Graham Allison of Harvard’s Kennedy School wrote about these tensions, and the British response, in his Destined for War: Can America and China Escape Thucydides’s Trap? The “trap” that Allison draws from the work of the Greek historian Thucydides is the confrontation that arise when a rising power threatens a ruling one. Thucydides wrote about the Peloponnesian War between Athens and Sparta, which occurred when Sparta responded to what it saw as a threat to its dominance of the Greek states by the growing Athenian empire.
In the 19th century, Britain was the dominant power facing challenges from other nations. British statesmen decided that Germany posed a more immediate security threat, and accommodated U.S. demands in the Western Hemisphere without surrendering their own interests. But Britain also built up its already powerful battle fleet and created an alignment with France and Russia, the Triple Entente, to counter a German threat.
This deterrence was not enough to avoid the breakout of World War I. The costs of the war hindered Britain’s ability to resume its hegemonic role, and the U.S. was not willing to take its place. As a result, Kindlerberger claimed, the economic crisis of the 1930s was deeper and more extended than it would have been if an international hegemon had been present. The response of the U.S. in creating the United Nations, the International Monetary Fund, and other multilateral organizations after World War II showed that by that time it had learned the lesson of the need for international institutions.
Allison presents other examples of challenges to hegemonic powers by rising powers. In the 17th century, the Dutch Republic was the leading maritime power. It possessed trading posts and colonies in Asia, Africa, and the Americas, and a formidable fleet of warships to defend them. England resented this control and engaged in three maritime wars with the Dutch. The hostilities between the two countries only ended when William of Orange became King William III of England, and the Dutch and English waged war together on the predominant European land power, France.

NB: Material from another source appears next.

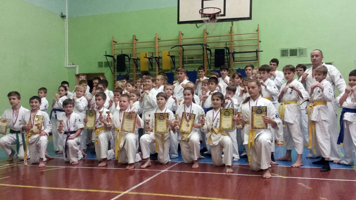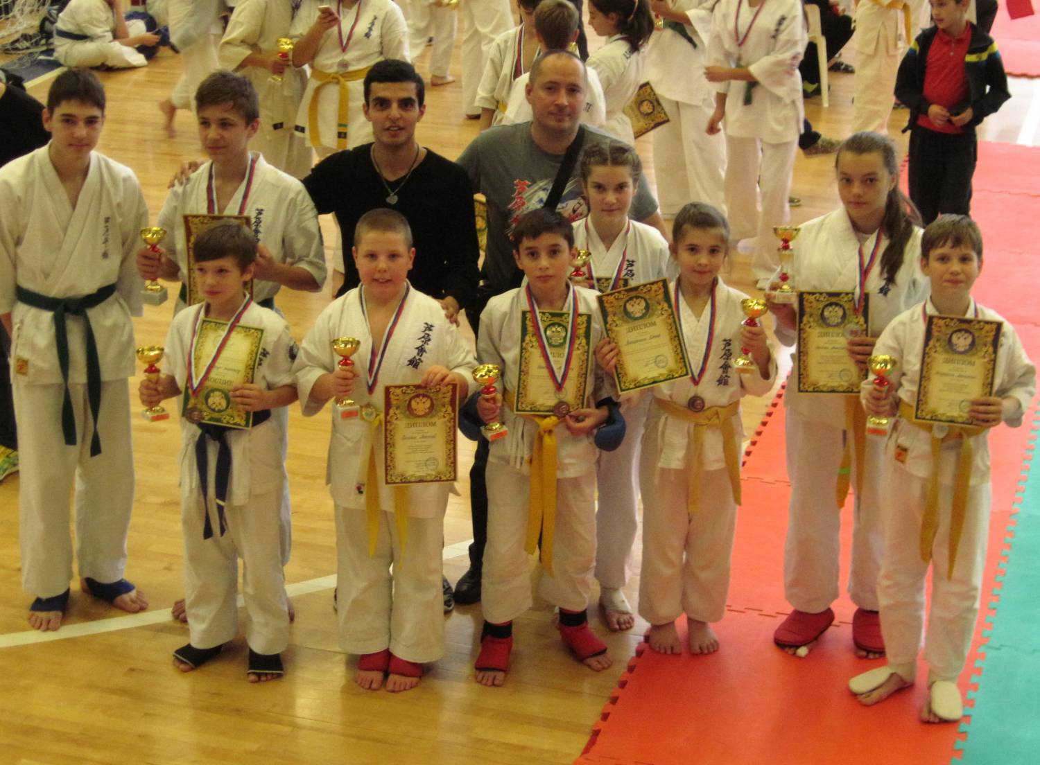 Пичулина-Ирина, а за что медали , за ката или кумитэ? И сколько лет занимаются дети, если у них уже синие пояса?

Allison makes clear that the rivalry between China and the U.S. need not result in war. Besides the British accommodation of U.S. interests in the late 19th century, he points to the “Cold War” between the Soviet Union and the U.S. as an example of a struggle that did not lead to direct conflict. One of the reasons for the avoidance of the escalation of hostilities to total war was the existence of nuclear weapons,, which dramatically raised the cost of using the full range of weapons. But the Cuban missile crisis showed that it was possible to come perilously close to moving into a full-blown conflict. The expansion of trade and finance to new markets creates opportunities for rivalries and competition that can trigger responses that lead to unforeseen consequences.